EXERCISE DIRECTIONS:
Type out the data exactly as given. Skip any image.

THE DATA:
Content starts
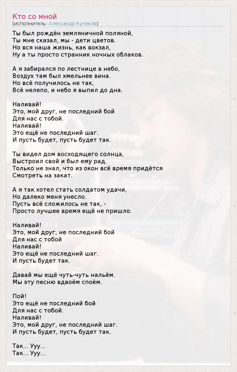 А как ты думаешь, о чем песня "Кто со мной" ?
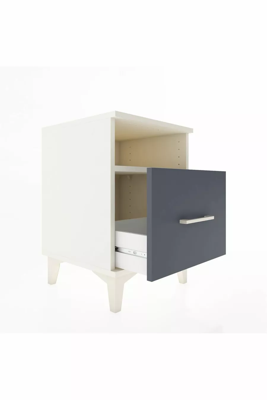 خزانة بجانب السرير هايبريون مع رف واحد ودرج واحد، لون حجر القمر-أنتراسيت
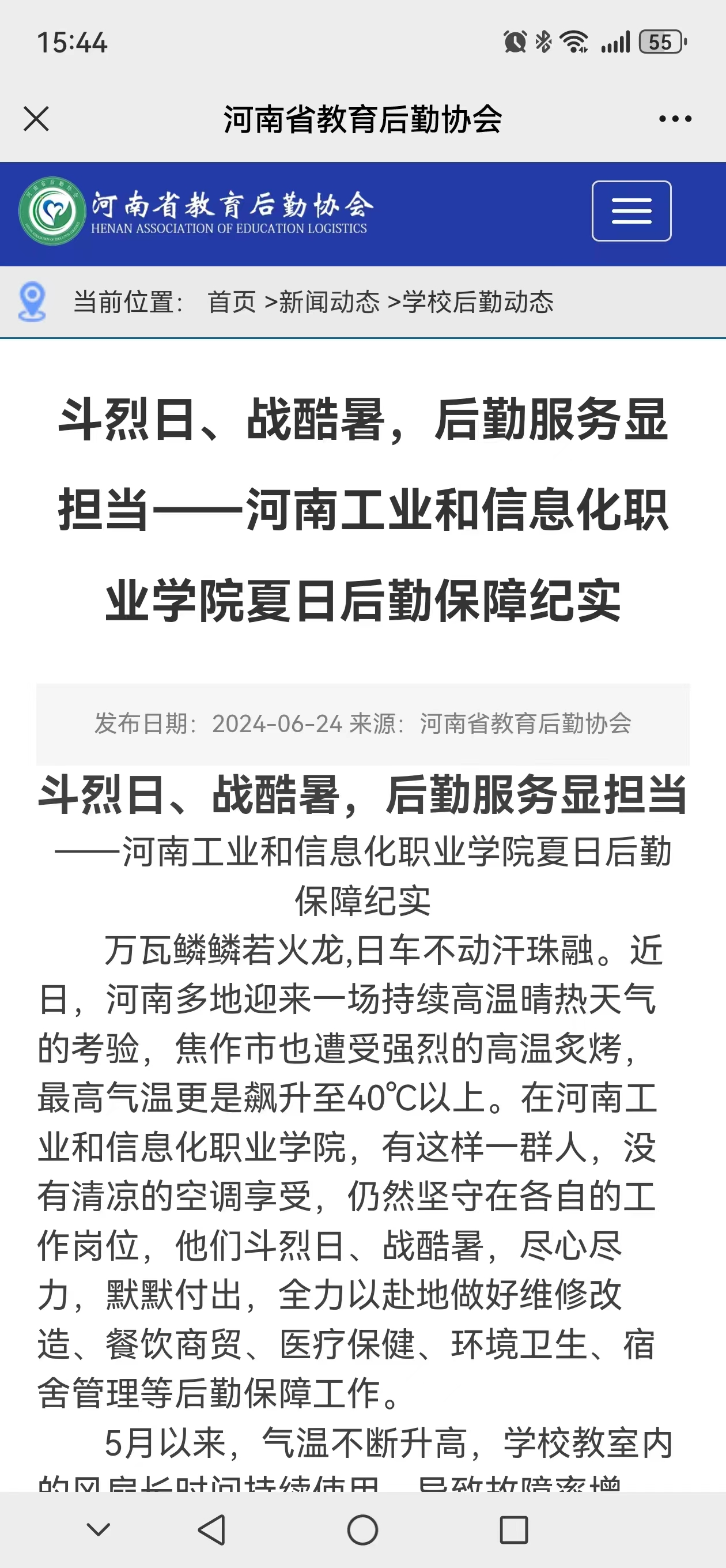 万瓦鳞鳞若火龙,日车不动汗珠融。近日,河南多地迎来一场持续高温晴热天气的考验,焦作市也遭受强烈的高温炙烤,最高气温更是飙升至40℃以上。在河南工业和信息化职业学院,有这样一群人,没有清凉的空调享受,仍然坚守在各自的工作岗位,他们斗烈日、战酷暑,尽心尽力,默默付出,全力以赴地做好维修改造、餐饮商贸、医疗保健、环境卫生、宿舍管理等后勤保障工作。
Content ends
RESPONSE BOX:
 А как ты думаешь, о чем песня "Кто со мной" ?
 خزانة بجانب السرير هايبريون مع رف واحد ودرج واحد، لون حجر القمر-أنتراسيت
 万瓦鳞鳞若火龙,日车不动汗珠融。近日,河南多地迎来一场持续高温晴热天气的考验,焦作市也遭受强烈的高温炙烤,最高气温更是飙升至40℃以上。在河南工业和信息化职业学院,有这样一群人,没有清凉的空调享受,仍然坚守在各自的工作岗位,他们斗烈日、战酷暑,尽心尽力,默默付出,全力以赴地做好维修改造、餐饮商贸、医疗保健、环境卫生、宿舍管理等后勤保障工作。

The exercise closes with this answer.